江海、言わなきゃ。私の本当の姿のことを…。
「実は…私…人間じゃないの…。人魚なの…」
私は声を震わせながら、本当のことをみんなに告げた。
「人魚って…ウソだろ? うそだよな?! 江海ちゃん!」
「そうよ! 山岡さん、ウソなんでしょ?!」
「何か言ってよ! 江海!」
みんな、信じられないという口調で叫んでる。
「…ホントなの…」
そう言った瞬間、パァァァと私のほうに光がさした。
「私…ずっとみんなといたかった。だけど、無理なの…。みんなといて楽しかったし、思い出も出来たよ」
「じゃあ、オレが言った迎えに来るってのはどうなるんだよ?!」
「叶えられないよ…」
私はみんなの顔を確かめるように言う。
江海、本当にいい友達持ったよね。だけど、健吾君が言った迎えに来るっていうのは叶えられないよ。出来れば、健吾君が迎えに来て一緒になる約束、叶えたかった。
私、みんなに迷惑ばっかりで良いこと何一つ出来なかった。今、私が出来ることはありがとうって言えること。ただそれだけだよ。

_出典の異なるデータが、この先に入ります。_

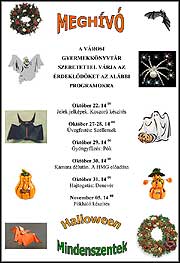 22. (szerda) Gyermekkönyvtári programok Okt. 22 - Nov. 5-ig. A meghívó kinagyítható! Helyszín: Gyermekkönyvtár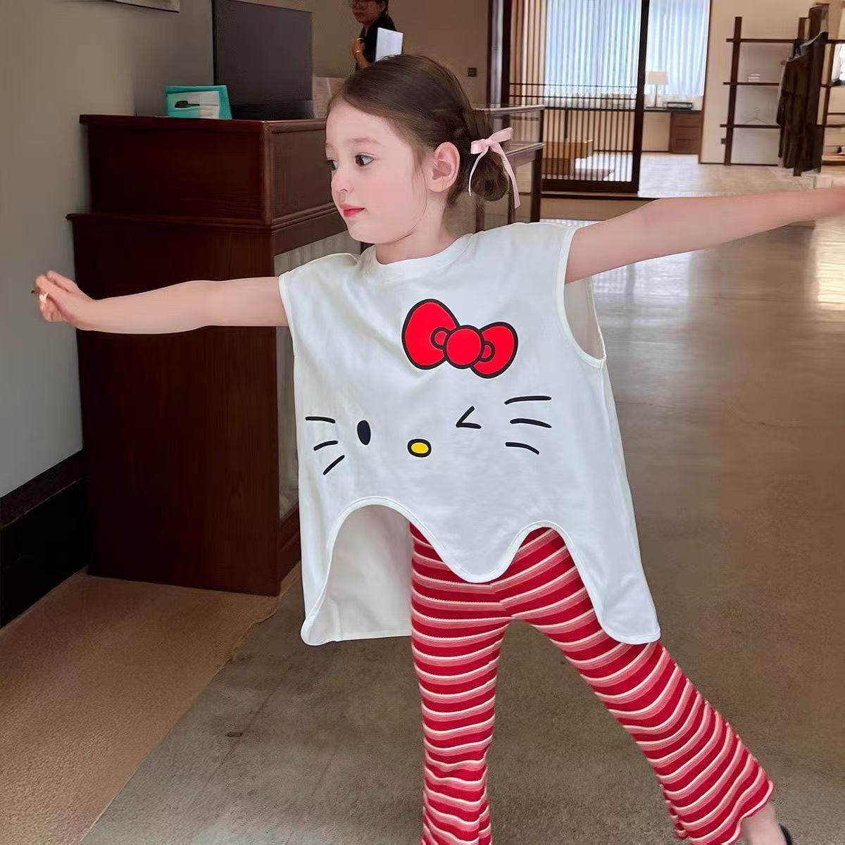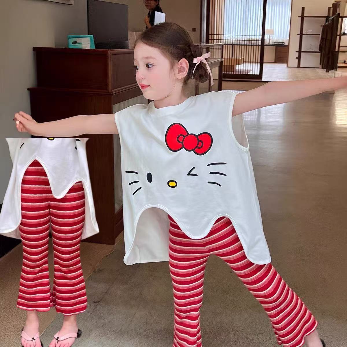 2025 새로운 여자 여름 정장 아기 불규칙한 느슨한 탑 스트라이프 바지 어린이 유행 투피스 세트스토어 가기

「私、山岡さんにひどいこと言ったりしちゃったりしてごめんね」
泣きながら謝ってくれる田崎さん。
渚と夏子も泣いてる。
「いいの。田崎さんのおかげで色んなこと学んだよ」
「山岡さん…」
「江海、人魚の世界に来た時…どんな気持ちだったの…?」
泣きながら聞いてくる夏子。
「不安だったけど、みんなが良くしてくれたから不安なんてぶっ飛んじゃった」
私は無理した笑顔をしながら答えた。
「オレ、江海ちゃんの側にいたい」
「私だって…。これ以上は無理なの」
涙を隠すようにうつむいて言った。
神様、健吾君と巡り合わせてくれてありがとう。私、健吾君と出逢えて良かった。
人間の世界に来て、初めて好きだと思えた男性。最初は誰にも取られたくなかった。でも、健吾君を失うこと以外は全然何も怖くなかった。その反面、失う怖さも知ったよ。
「この世界に戻ってこれね―の?」
「わかんない…」
「戻って来れたら戻ってこいよ!!」
磯部君は笑顔で言ってくれる。
「磯部君…」
「オレ達、待ってるからよ! なっ?」
磯部君の問いに、みんなうなずく。
「そろそろ私行かなくちゃ」
「もう行くの?」
「うん…」
返事するけど、ホントは行きたくない。
「健吾君、今度、生まれ変わった時はちゃんと人間の女性として生まれてくるね。そのときは好きになってね。それと、一緒になろうね」
パァァァ。
光がもっと強くなって、私は半分消えそうになった。
「江海っ!」
「みんな、またね!」
そして、私は大きな光を放って、一瞬のうちで消えた。
「江海…?」
渚と夏子は瞬きをしながら、私の姿を探す。
「江海―――――――!!」
健吾君の声だけが海岸にこだました。